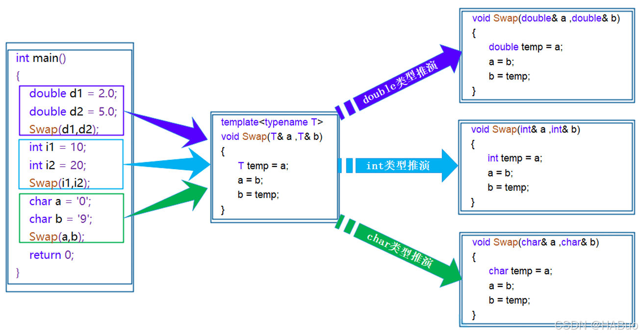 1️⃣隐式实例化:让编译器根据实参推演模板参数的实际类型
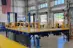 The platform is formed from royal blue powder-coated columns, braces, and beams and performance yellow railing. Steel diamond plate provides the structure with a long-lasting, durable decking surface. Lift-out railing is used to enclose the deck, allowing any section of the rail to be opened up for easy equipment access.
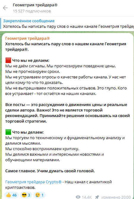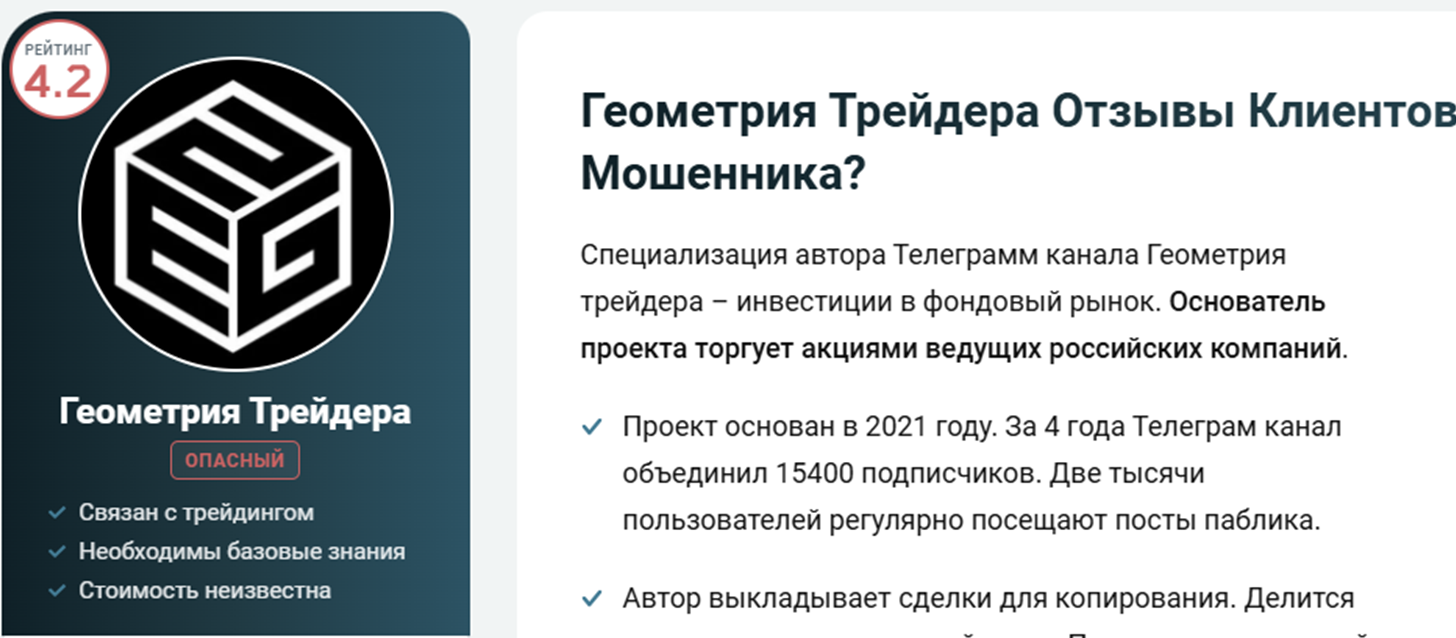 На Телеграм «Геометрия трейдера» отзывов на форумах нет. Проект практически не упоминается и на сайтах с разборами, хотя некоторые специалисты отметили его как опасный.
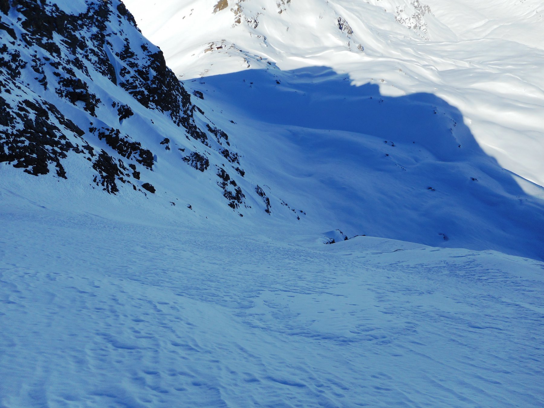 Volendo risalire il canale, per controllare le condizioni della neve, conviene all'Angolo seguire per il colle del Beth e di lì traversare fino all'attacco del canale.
* * *
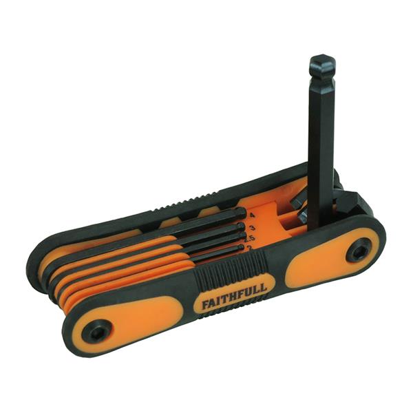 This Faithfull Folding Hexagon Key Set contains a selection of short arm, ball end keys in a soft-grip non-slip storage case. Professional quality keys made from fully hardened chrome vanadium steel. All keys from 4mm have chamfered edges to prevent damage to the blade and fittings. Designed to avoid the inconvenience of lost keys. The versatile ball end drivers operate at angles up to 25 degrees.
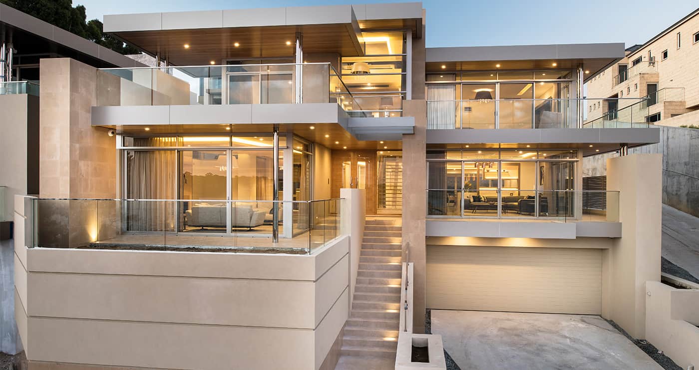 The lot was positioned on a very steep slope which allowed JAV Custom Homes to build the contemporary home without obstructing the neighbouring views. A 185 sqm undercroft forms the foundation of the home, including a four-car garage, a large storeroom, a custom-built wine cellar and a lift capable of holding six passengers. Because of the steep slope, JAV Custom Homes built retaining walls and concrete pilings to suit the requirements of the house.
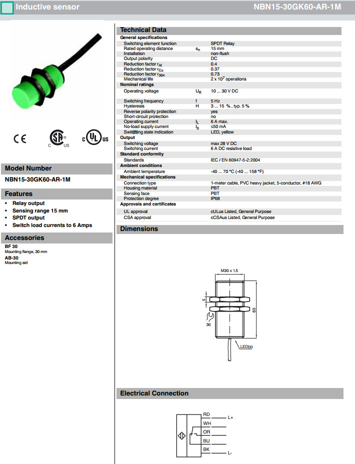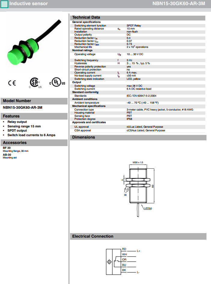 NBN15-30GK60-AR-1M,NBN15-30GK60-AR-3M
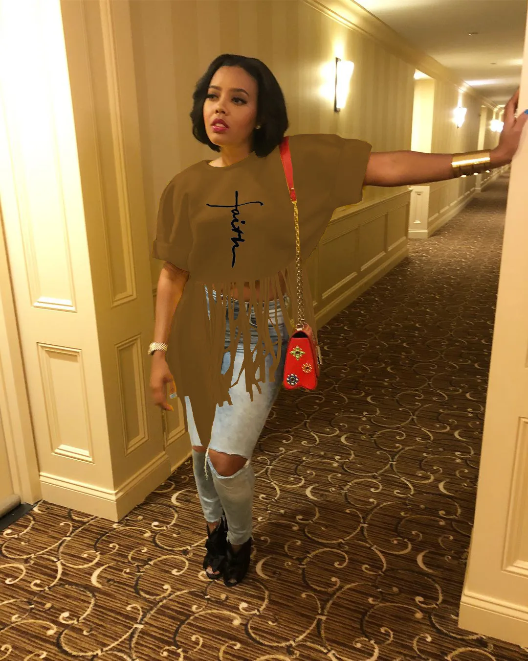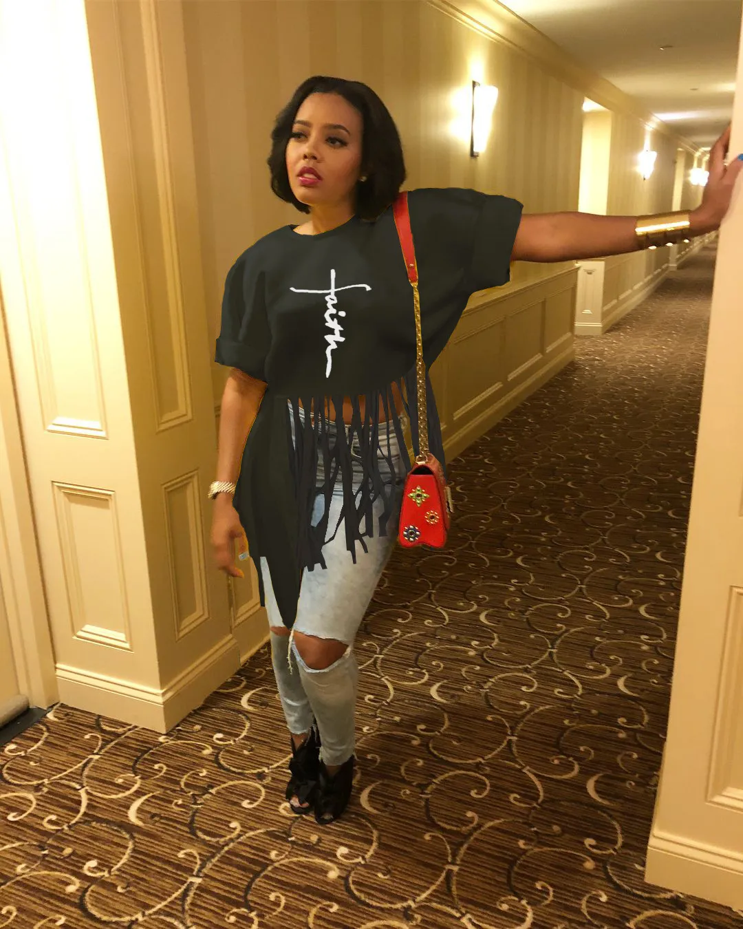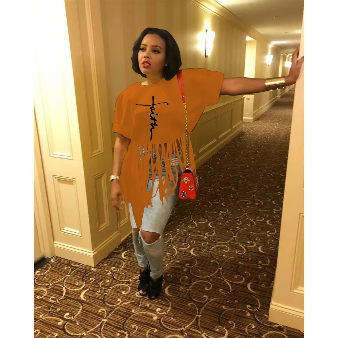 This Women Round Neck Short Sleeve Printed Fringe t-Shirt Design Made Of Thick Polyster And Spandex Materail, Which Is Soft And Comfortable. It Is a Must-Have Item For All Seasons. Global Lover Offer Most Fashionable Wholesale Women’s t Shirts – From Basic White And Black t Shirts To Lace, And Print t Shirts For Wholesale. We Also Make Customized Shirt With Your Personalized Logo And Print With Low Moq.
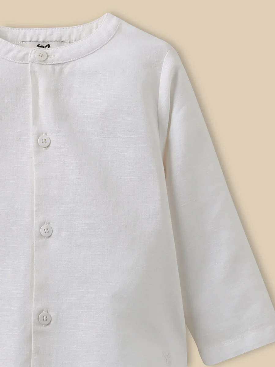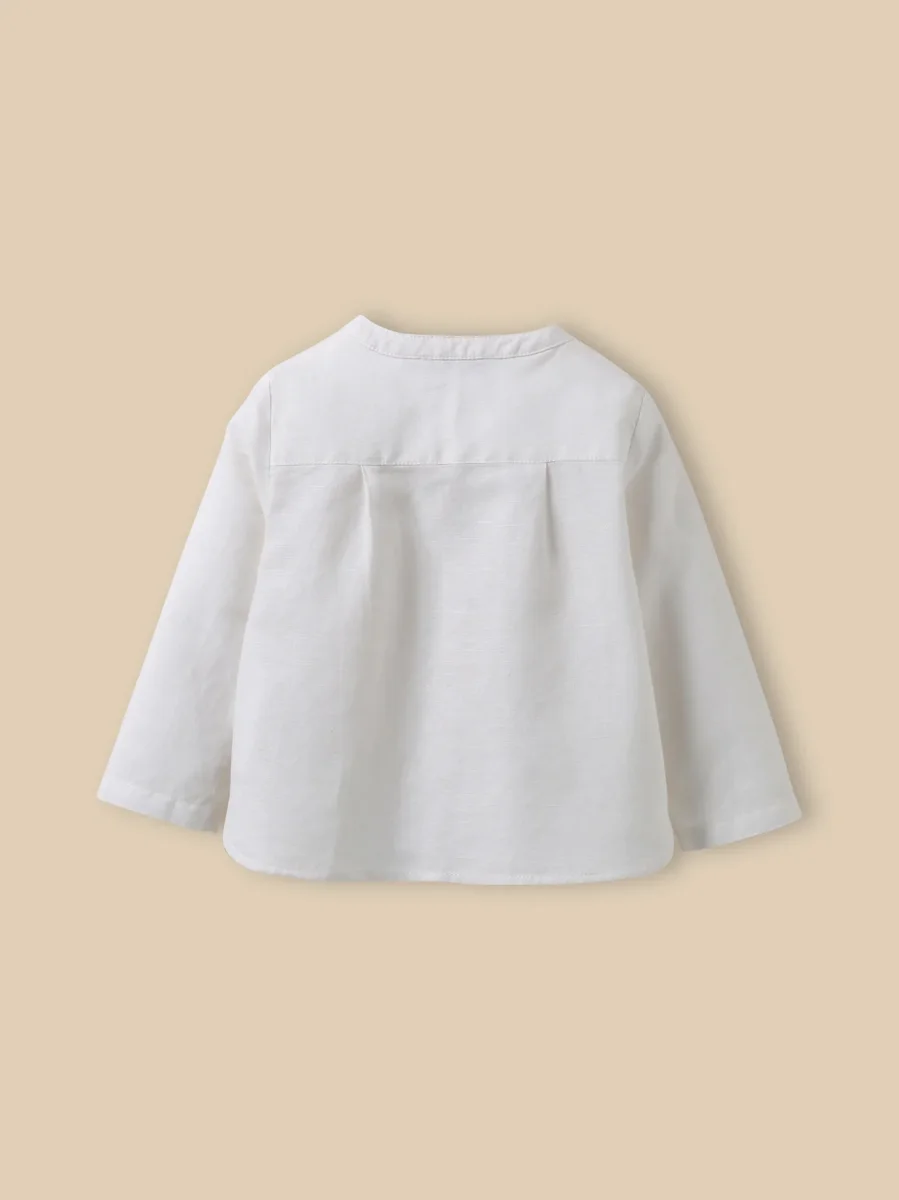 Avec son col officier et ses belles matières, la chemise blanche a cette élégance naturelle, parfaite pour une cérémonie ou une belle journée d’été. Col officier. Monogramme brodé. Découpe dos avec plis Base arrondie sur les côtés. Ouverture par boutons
--
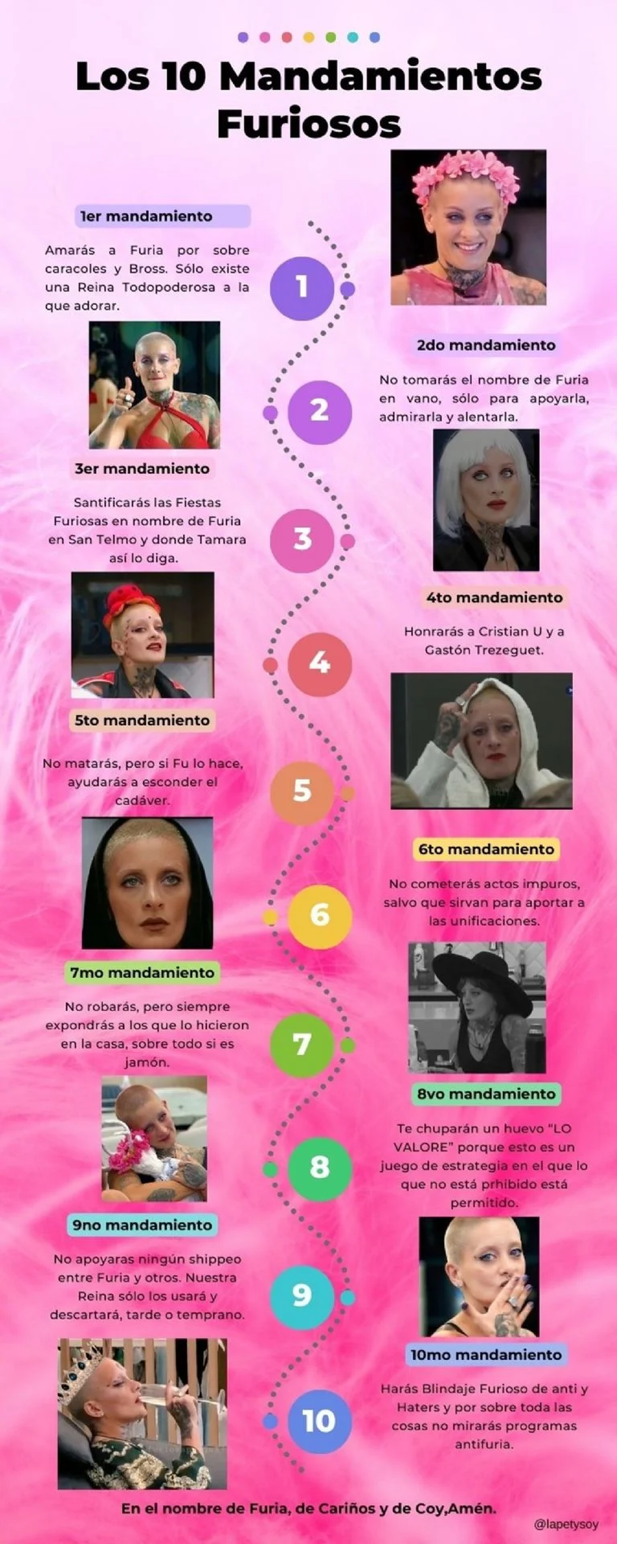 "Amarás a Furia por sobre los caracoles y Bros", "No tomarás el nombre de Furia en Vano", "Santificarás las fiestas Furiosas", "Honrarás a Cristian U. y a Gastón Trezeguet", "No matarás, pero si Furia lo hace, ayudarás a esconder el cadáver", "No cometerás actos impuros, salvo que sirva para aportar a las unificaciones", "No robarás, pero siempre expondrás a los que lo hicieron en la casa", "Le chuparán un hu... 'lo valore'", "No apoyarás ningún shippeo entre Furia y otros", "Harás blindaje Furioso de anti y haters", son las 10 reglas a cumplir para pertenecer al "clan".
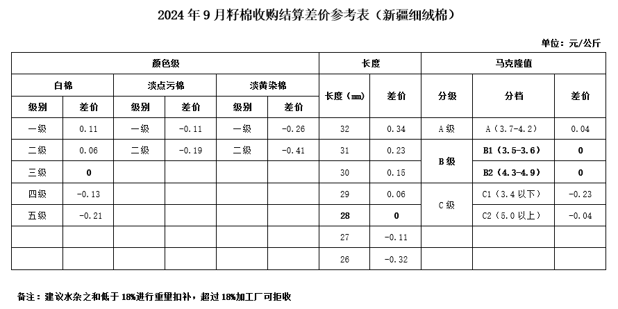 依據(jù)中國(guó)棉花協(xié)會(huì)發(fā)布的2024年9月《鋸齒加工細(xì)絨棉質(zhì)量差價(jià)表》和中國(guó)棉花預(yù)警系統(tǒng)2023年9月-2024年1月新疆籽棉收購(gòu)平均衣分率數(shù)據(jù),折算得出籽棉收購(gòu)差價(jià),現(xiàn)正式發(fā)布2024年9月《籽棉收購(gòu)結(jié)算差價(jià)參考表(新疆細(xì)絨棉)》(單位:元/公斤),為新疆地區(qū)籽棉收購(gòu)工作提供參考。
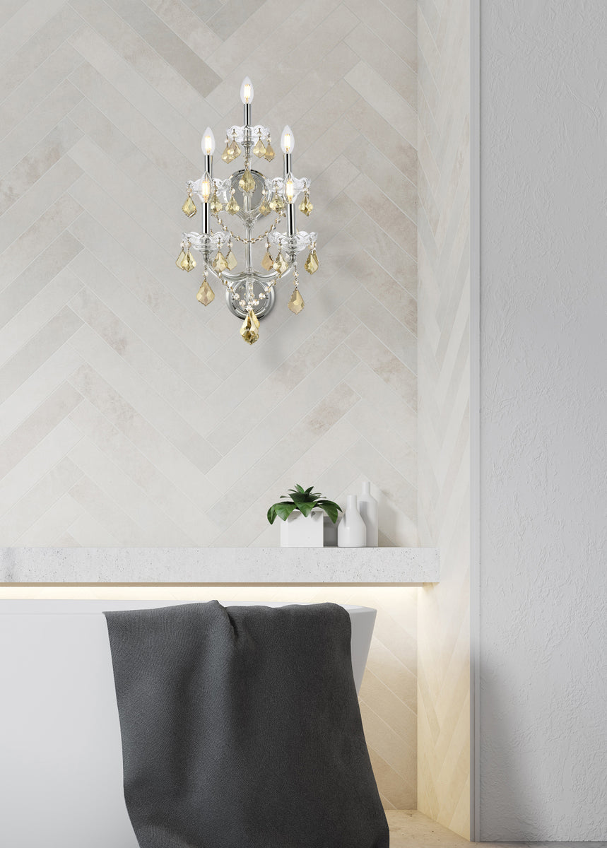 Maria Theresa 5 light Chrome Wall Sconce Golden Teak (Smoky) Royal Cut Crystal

PROBLEM STATEMENT :: Go to the line above that has "依據(jù)中國(guó)棉" and copy exactly from there down to the line that has "Maria Theresa 5", both included. Leave the pictures out.

RESULT OF THE TASK ::
 依據(jù)中國(guó)棉花協(xié)會(huì)發(fā)布的2024年9月《鋸齒加工細(xì)絨棉質(zhì)量差價(jià)表》和中國(guó)棉花預(yù)警系統(tǒng)2023年9月-2024年1月新疆籽棉收購(gòu)平均衣分率數(shù)據(jù),折算得出籽棉收購(gòu)差價(jià),現(xiàn)正式發(fā)布2024年9月《籽棉收購(gòu)結(jié)算差價(jià)參考表(新疆細(xì)絨棉)》(單位:元/公斤),為新疆地區(qū)籽棉收購(gòu)工作提供參考。
 Maria Theresa 5 light Chrome Wall Sconce Golden Teak (Smoky) Royal Cut Crystal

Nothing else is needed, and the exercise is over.